Alex Astridge

Personal information
- Full name: Alexander Astridge
- Born: 2 June 2006 (age 20) Cambridge, United Kingdom

Skiing career
- Country: United Arab Emirates
- Sport: Alpine skiing
- Club: Ski Dubai
- Disciplines: Slalom, giant slalom

Olympics
- Teams: 1 – (2026)
- Medals: 0

= Alex Astridge =

Emirati alpine skier (born 2006)

Alexander Astridge (Arabic: ألكسندر أستريدج; born 2 June 2006) is a British-born alpine skier for the United Arab Emirates.

Astridge studies at Heriot-Watt University in Dubai.

== Early life ==
Astridge was born in Cambridge, England but moved to the United Arab Emirates with his family at the age of six months. He learned to ski at Ski Dubai at the age of 3.

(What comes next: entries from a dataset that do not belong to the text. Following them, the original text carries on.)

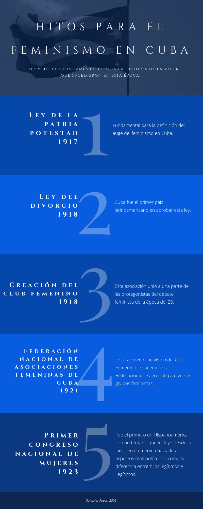 “Este fue el comienzo de una república por la cual también habían luchado las mujeres, quienes no conformes con la visión androcentrista de sus primeros mandatarios, hicieron reclamos de puestos públicos, sufragio, indemnizaciones y otros tipos de demandas en cientos de misivas que trajeron un aumento de expectativas sobre la temática femenina, haciendo crecer considerablemente la bibliografía escrita sobre temas relacionados con el feminismo, legislación y sufragio. La construcción de un ideario nacionalista cubano al estilo norteamericano a través de la instrucción pública, utilizó a la fuerza femenina como futura portadora de la pedagogía de su ideal” (González Pagés, 2008).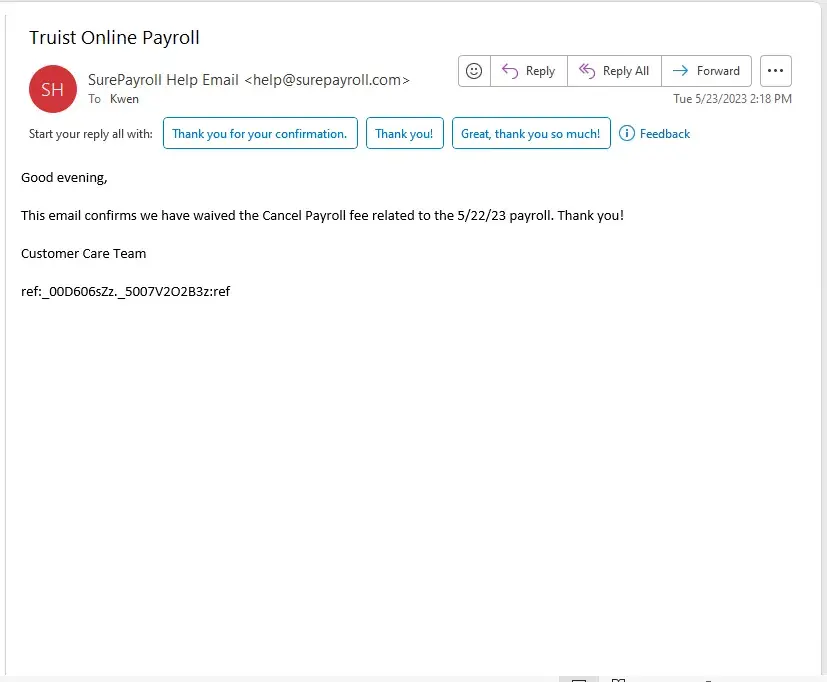 I am totally new to payroll, my payroll was set up through Truist Bank and this is who they contract with. A representative of Surepay scheduled a time with me in order to assist me with setting up my payroll account. Being this was my first time setting it up I can admit it did take some time trying to navigate the system. While the rep was on the phone assisting me, while we were in the process, she tells me that she has a meeting scheduled as has to let me go. Now we may have been on the phone about 10-15 mins, why would you schedule my call if you only had 15 mins available, I have no clue. So I made a mistake and I emailed her and told her I needed her assistance as soon as possible. She informed me she wouldn't be available the rest of the day. Then I stated I will need to speak with her on Monday, she stated she wouldn't be available. I contacted another representative who was assisting me and she did for awhile, until we had to wait for someone hire to approve an action she was trying to make. She provided me with her email and told me she would call when it had been approved. Two days had went by when I reached out to her, still nothing. I took it upon myself to cancel the payroll because I didn't want my account to be overdrawn then I get a charge of $80 for cancelling payroll! When I found out the reason for the charge, I contacted Surepayroll and was told there are no managers available to take customers call and the rep was very rude, cutting me off, would not supply me with his identification ID. He informed me I had one time to waive the charge, which I don't feel like I should have to use my ONE time because their training was not up to par and I made a mistake, then when trying to fix the mistake their staff would not assist me, therefore leading me to cancel it and now acquire a fee.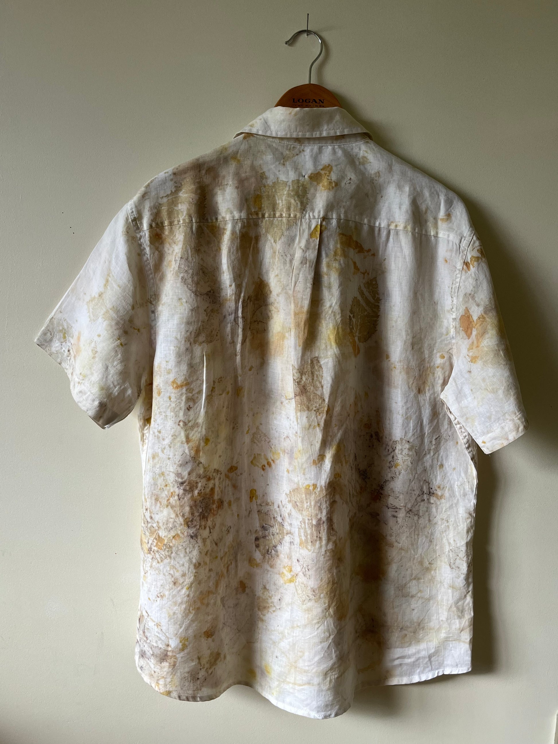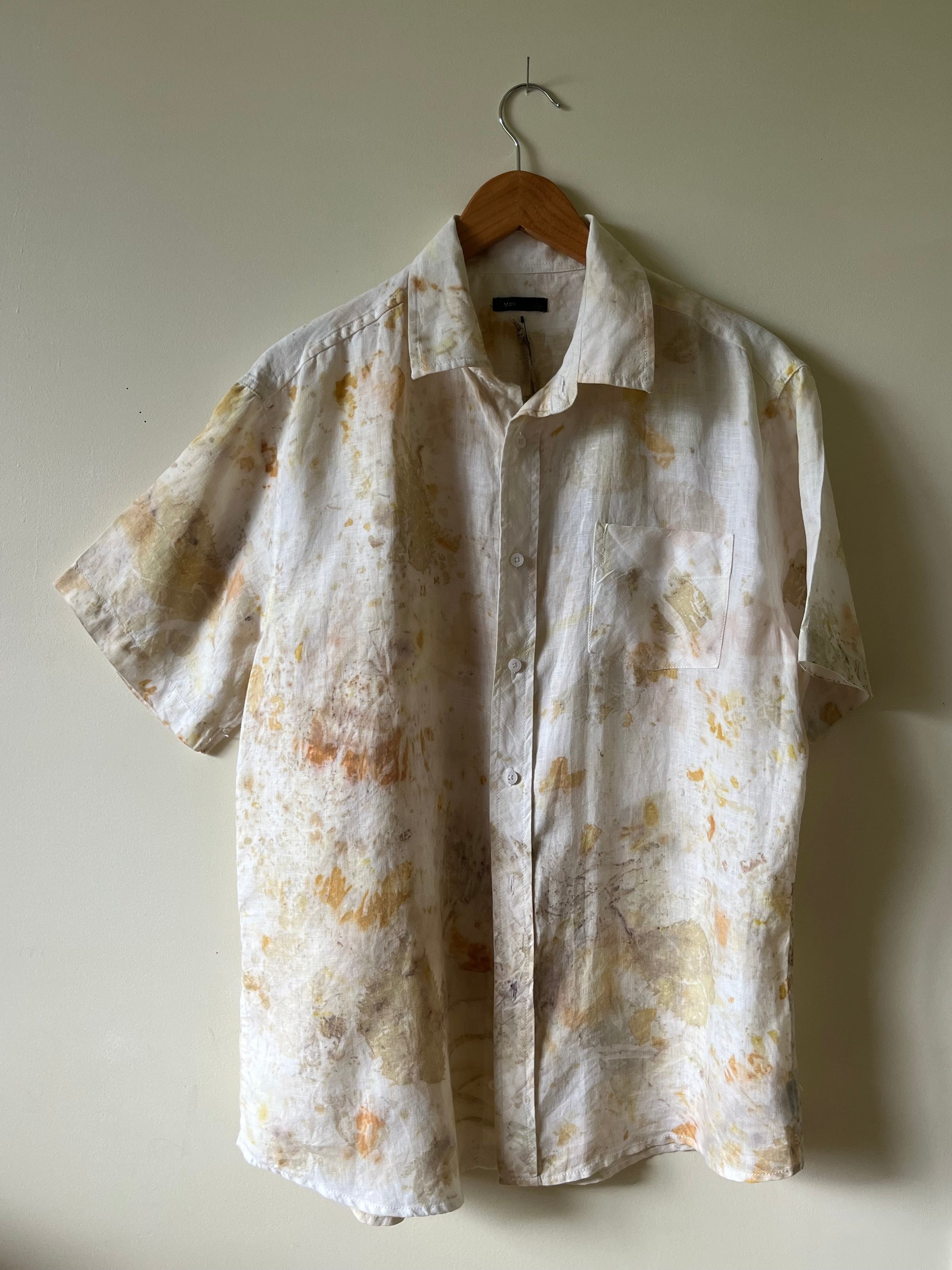This garment has been eco-printed and bundle-dyed using natural processes and plants.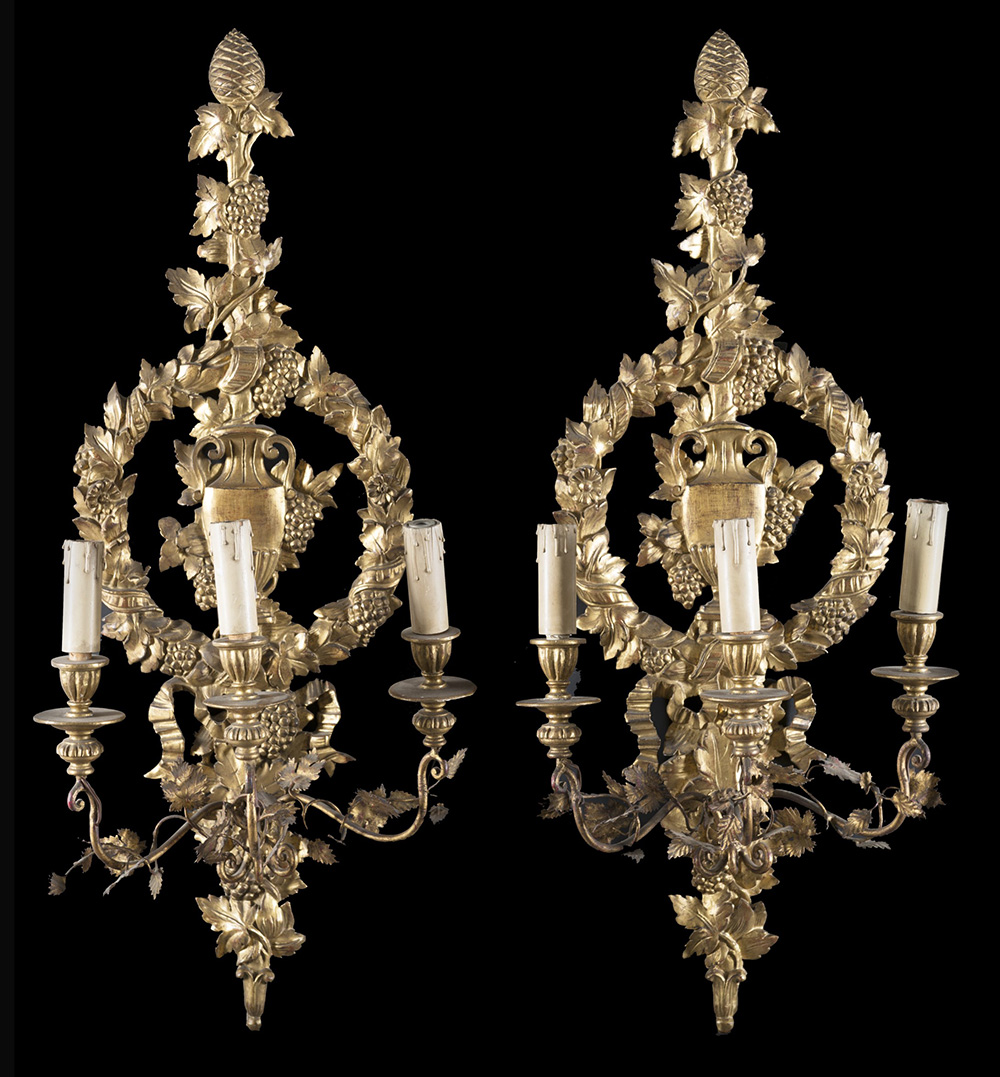 Coppia di appliques in legno intagliato e dorato sormontate da elemento a forma di pigna, parte centrale con vaso tra foglie di vite e fiori da cui dipartono tre bracci in metallo dorato e porta-candele in legno (cm h 95) Fine sec. XIX (lievi difetti) A pair of carved giltwood wall lights. Late 19th century (minor defects)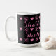 Welcome shabbat with this stylish pink-and-black coffee mug! Makes a nice gift for anyone who loves the sabbath.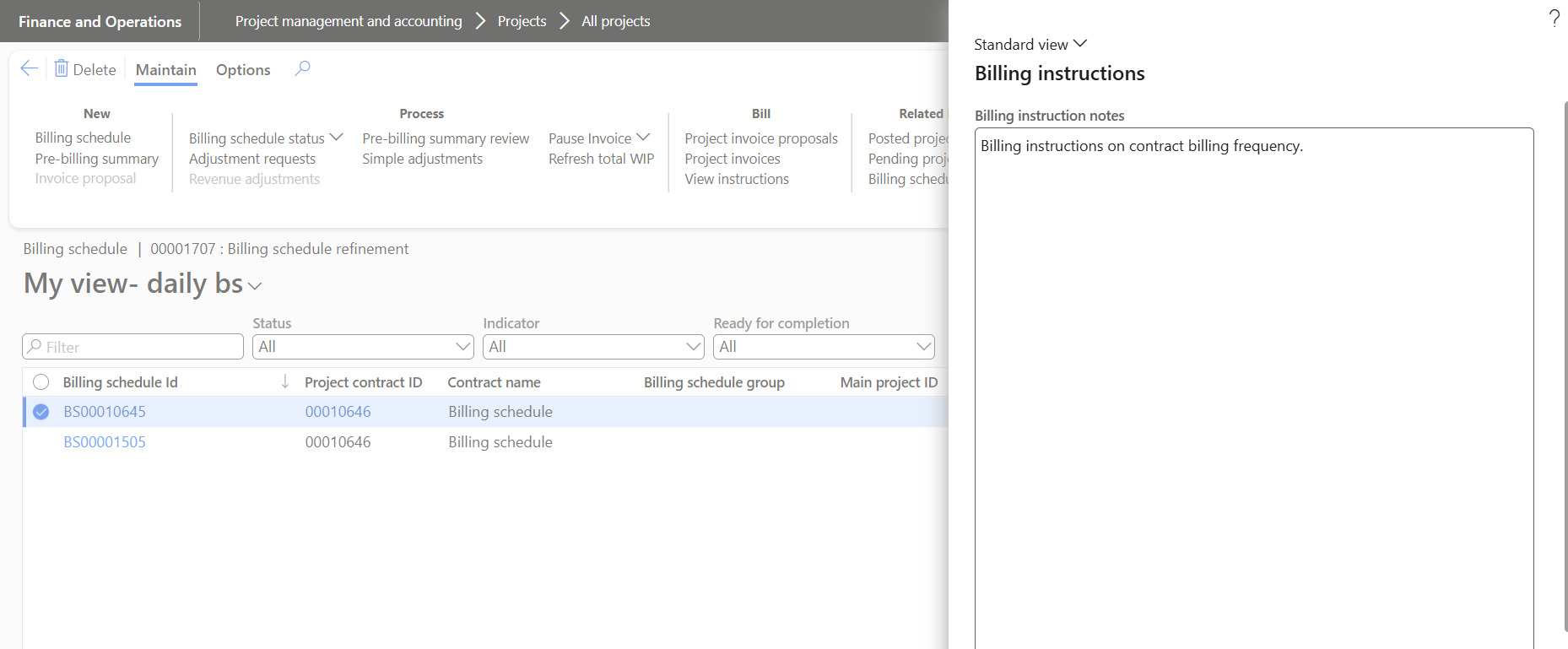 Billing instructions notes editable from Billing schedule and Invoice proposal forms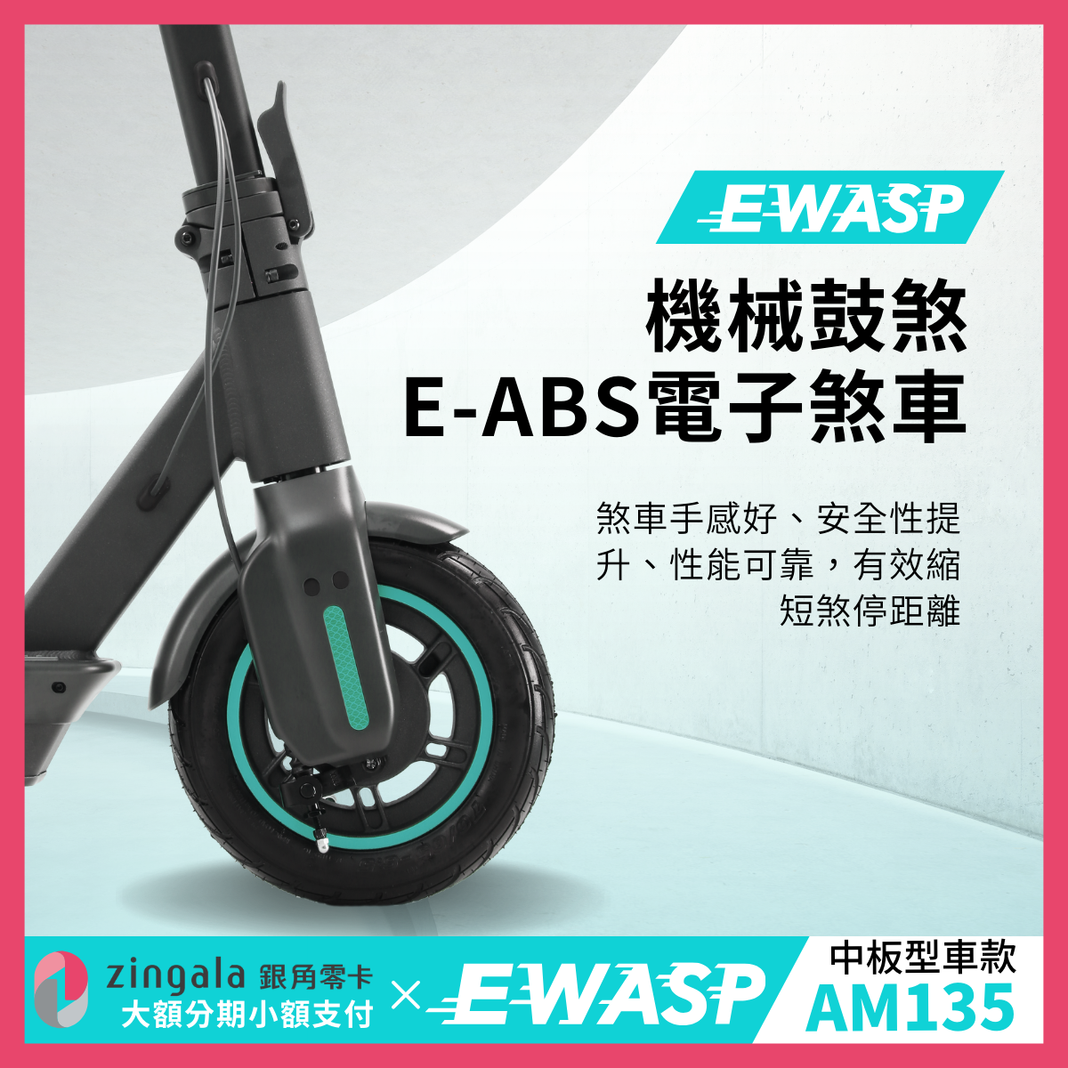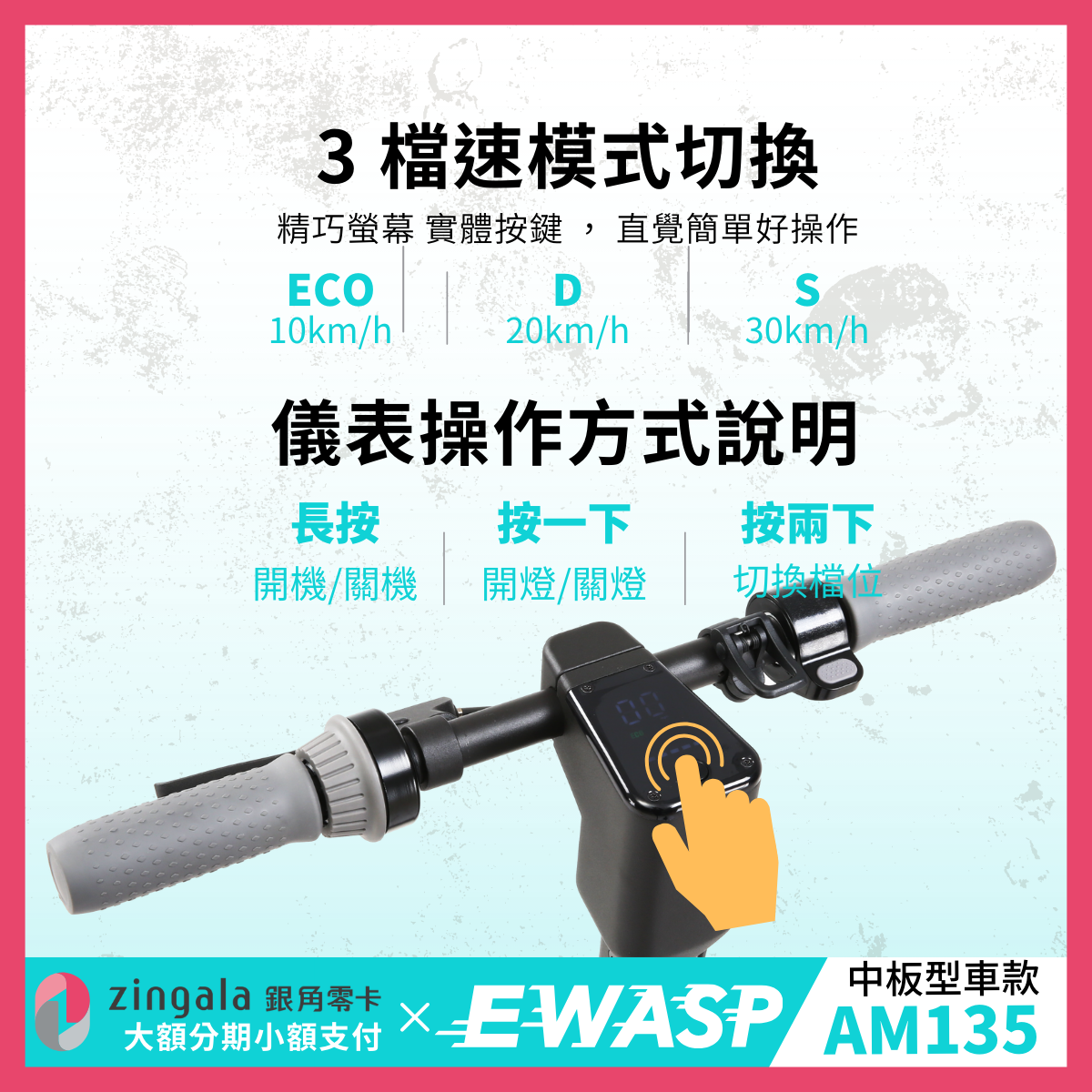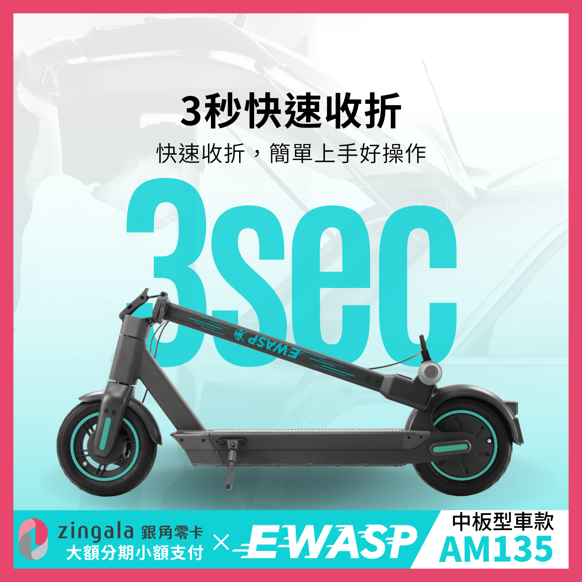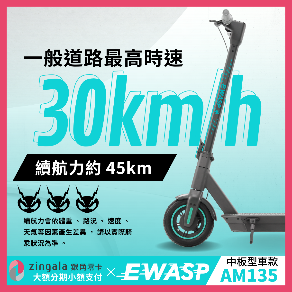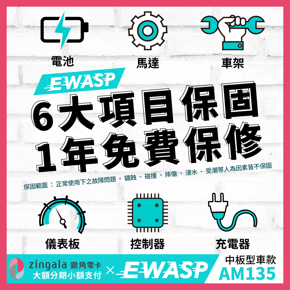 EWASP電動滑板車A系列的AM135中版型車款,為中型電動滑板車,續航力約30至65公里,特色為平穩路感、騎乘操控優異靈活、收折後方便攜帶、適合遠程往返代步。AM135適應的族群包含上班族通勤、電動滑板車代步、男女各族群、四處玩樂享受騎乘樂趣、結合大眾運輸交通工具、鄰近採購、河堤兜風、放在汽車後車廂代步等,EWASP有專業的團隊嚴格控管所有生產環節,一手包辦設計、製造、OEM代工、零售甚至是售後保固,以快速收折、輕巧移動、戶外活動的設計理念融入生活中。

Astridge developed as a skier primarily through training on Ski Dubai’s indoor slope at the Mall of the Emirates, an atypical pathway for an alpine skier from a country without natural mountain terrain.

== Career ==
Astridge made his international racing debut on 6 November 2023 in a FIS Entry League race at Ski Dubai. Two months later, he became the first ski racer from the United Arab Emirates to compete in the Winter Youth Olympic Games. He finished 38th in the slalom at the competitions in Gangwon, but did not compete in the giant slalom despite being registered.

Astridge represented the United Arab Emirates at the 2025 Asian Winter Games, finishing 17th in the slalom event.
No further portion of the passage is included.